3.エコキュートと太陽光発電を連携させて得られるメリットとは?
エコキュートと太陽光発電を連携させれば、次のようなさまざまなメリットが得られます。
3-1.自家発電した電気を使うので電気代がかからない
エコキュートは本来、単価の安い深夜帯の電力を使って沸き上げする仕組みです。ただ、近年電気代の高騰によって、深夜帯の電気代も値上がり傾向にあります。
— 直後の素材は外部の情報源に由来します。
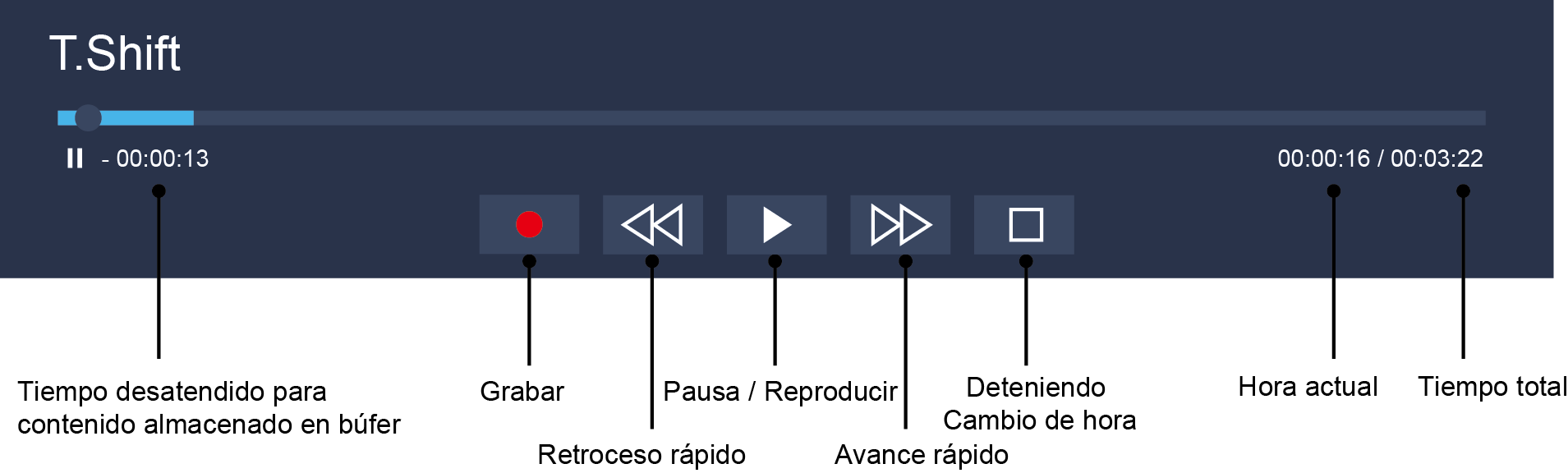 Pulse el botón del mando a distancia para seleccionar Time Shift y aparecerá el menú. Seleccione el ícono para poner en pausa la emisión en vivo y seleccione el ícono

その点、太陽光発電によって作り出した電気を使えば、時間帯関係なく沸き上げできて、電気代も無料です。
3-2.太陽光発電で作った電気を無駄にしない
太陽光発電で作り出した電気は、日中稼動している家電の電力に使われます。ところが、日中は不在にしている家庭も多く、家電の電力として使ってもまだ電気が余ってしまうことも少なくありません。その余った電気を日中にエコキュートでお湯を沸かすのに使えば、無駄にすることなく効率的です。
3-3.売電するより効果的に使う方がお得
太陽光発電で昼間に作り出した電気が余ったら、売電できるのが大きなメリットだといわれていました。ところが近年は、売電価格が年々下がってしまっています。売電することにお得感が薄れているので、自家消費した方がお得だといえます。エコキュートと連携させれば、最大限に自家消費が可能です。
3-4.災害時にも安心
太陽光発電は、災害時や停電時でも、条件が合えば昼間の太陽光で発電が可能です。また、エコキュートには貯湯タンク内に数百リットルの水が蓄えられているので、生活用水として活用できます。大きな災害の多い日本において、災害時にも電力網に依存せずエネルギーを自給自足できるシステムは、大きな安心材料になるでしょう。
3-5.補助金や省エネ制度の恩恵が受けられることも
省エネ性能の高いエコキュートや太陽光発電は、設備を導入するのに当たって国や自治体が設けている補助金を利用できる場合があります。近年、再生可能エネルギーの活用を前提にした機器には、導入時の支援制度が充実しているので、初期投資の負担が減らせます。
3-6.エコキュートの性能をフルに生かせる
近年のエコキュートは、AI制御やHEMSと連携できる高度な制御機能をもったモデルが少なくありません。太陽光発電と連携させてこそ、このような機器の性能を十分に発揮させられます。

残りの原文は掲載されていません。